Friday, August 6, 2010

Calico Bush, by Rachel Field

Calico Bush is the story of Marguerite, a 12-year-old French girl, who has found herself orphaned and "bound out" to an English family settling in what is now Maine in 1743.

I remember having this book recommended to me by my 5th grade teacher, but being unable to get into it. In short, I abandoned it. Reading it today, I have no idea what my problem was! It was a quick-paced, engaging read, and Marguerite is a well-developed, likable character.

Marguerite is bound out to a family with several children younger than herself, and one son a year her senior. The family makes its way to Maine, and to the plot of land they acquired from a friend - only to find that the house has been burned down by Tarratine Indians. Despite neighbors' warnings that the site is somehow important to the Indians, and the resultant risk of raids, the family's patriarch decides to rebuild. We watch as Marguerite learns about roof-raising festivities, corn-shucking bees, and other daily trials and tribulations of settlers of the "New World".

We also hear referenced the war with the Canadian French, protestant/Catholic tensions, and about conflicts with the Indians in the area. Marguerite herself actually finds a cave with the remnants of a white victim of a relatively recent raid; however, she also makes friends with an Indian she happens to cross paths with on Christmas Eve. That chance meeting sets the stage - and probably outcome - of a later meeting with a large group of Indians, who show up at the door of the family's cabin. Marguerite takes the situation in hand, and first gives the Indians all the food in the house, and then, in desperation, rips apart a fine linen sheet from her mistress' hope chest to make ribbons for a maypole. She does her best to show the children, and the Indians in turn, how to weave the ribbons around. It doesn't exactly work, but the Indians are enchanted, and when the maypole breaks, they take pieces of the "ribbons" and go on their way, leaving the family unharmed. As a result, the point of land where all this took place is named "The Maypole".

I wasn't able to find out via google, though I plan to do some local research when I get a chance, how true this story is. However, there is a point called The Maypole on one of the Cranberry Isles off the coast of Maine, and there is also a grave in one of the old cemeteries of a woman named Marguerite LaCroix, "the French wife of one of the early settlers". So I think Ms. Field may have been working from a local legend when she wrote this book.

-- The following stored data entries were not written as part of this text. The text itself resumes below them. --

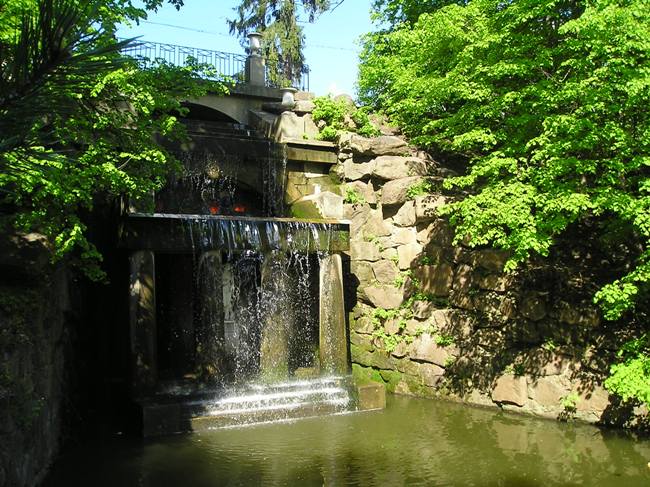 Мабуть, найвідомішою визначною пам’яткою парку є фонтан “Змія”. Дивно, але 18-метровий стовп води, який злітає вгору з пащі кам’яної рептилії, утворюється без використання насосів, а за рахунок тиску, що створюється різницею в рівнях води у двох озерах.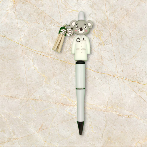 Deze vrolijke schrijfpen is een echte blikvanger en combineert functionaliteit met een speels design. Bovenop de pen staat een schattig beer-figuurtje in zorgoutfit, wat de pen een warme en vriendelijke uitstraling geeft. De decoratieve hanger met kwastje zorgt voor een extra leuk detail en maakt de pen ook geschikt als klein cadeautje.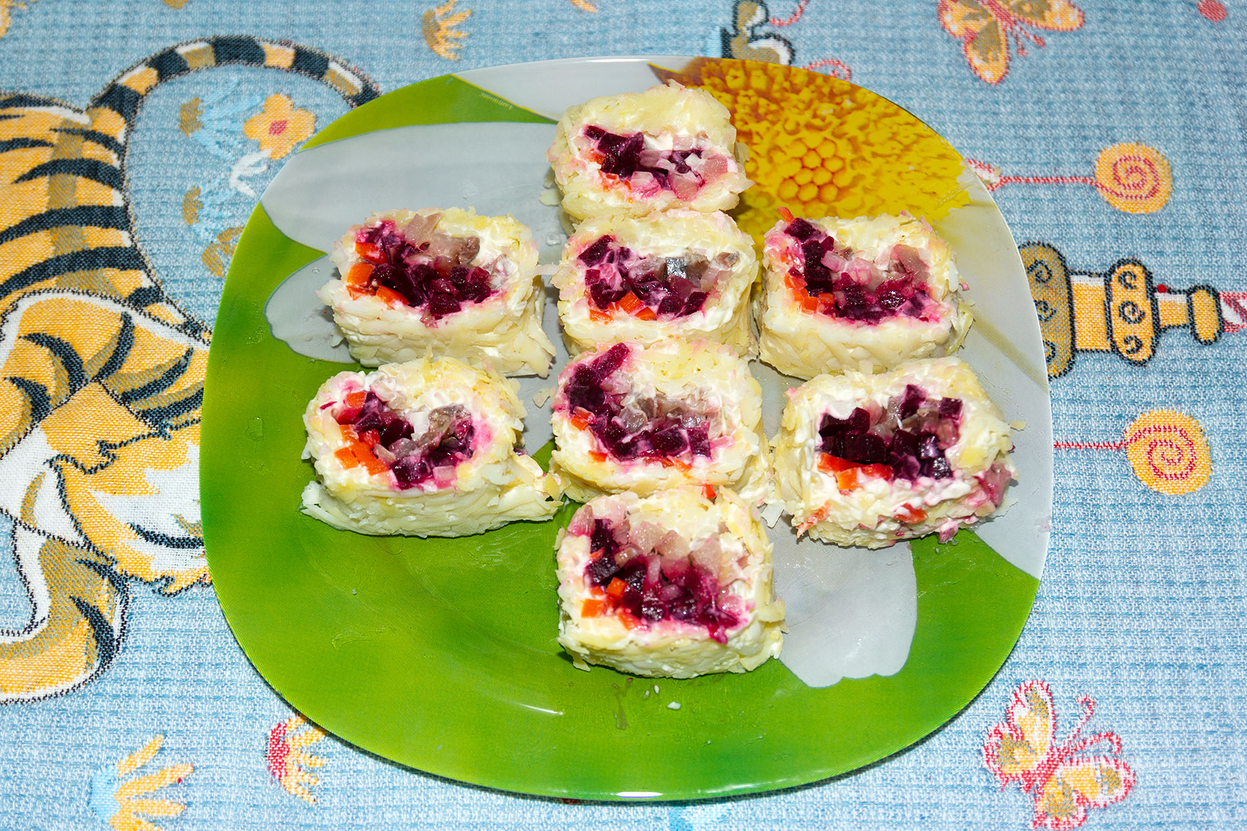 На бамбуковый коврик разложить равномерным слоем картофельное пюре. На пюре положить отварные овощи и порезанное яйцо. Сверху выдавить тонким слоем майонез. На майонез положить полоску ранее подготовленного филе сельди.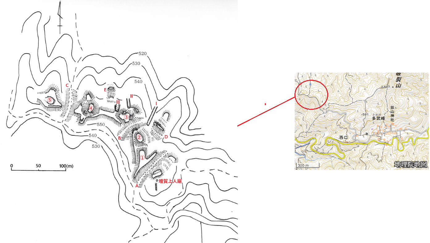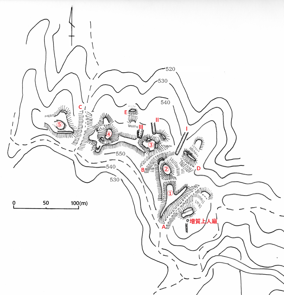 ![]() A堀切 ![]() @郭 ![]() D堀切 ![]() U竪堀 |

Modern readers might be surprised by the treatment of Indians (more often referred to as "Injuns") in this book; at the same time, the attitudes of the English people in the book toward the Indians are probably fairly accurate. It would be worth discussing with a child reader, but for a book of this period, the treatment is not too bad. We do see their human side, thanks to Marguerite's encounters.

The book also contains some really insightful passages about Marguerite's transition from her former life in France with her grandmother and uncle, to living with this English family who don't like to hear her talk about anything Catholic or French, and who forbid her use of French with the children. She talks, for example, about noticing the first time that the thoughts in her head are in English, not French, and worrying about forgetting all of her French songs and stories, while at the same time being desperate for approval and inclusion in this new world she's found herself in.

I'd definitely recommend this book, especially to classes who are learning about early settlers of New England, for a perspective other than the Plymouth Pilgrims. It also gives a good background for discussions about French/English/Indian conflict in the 18th Century. Maine children could probably be especially interested, but I think it's a good story for a child anywhere. I'm sorry I missed out on it as a kid!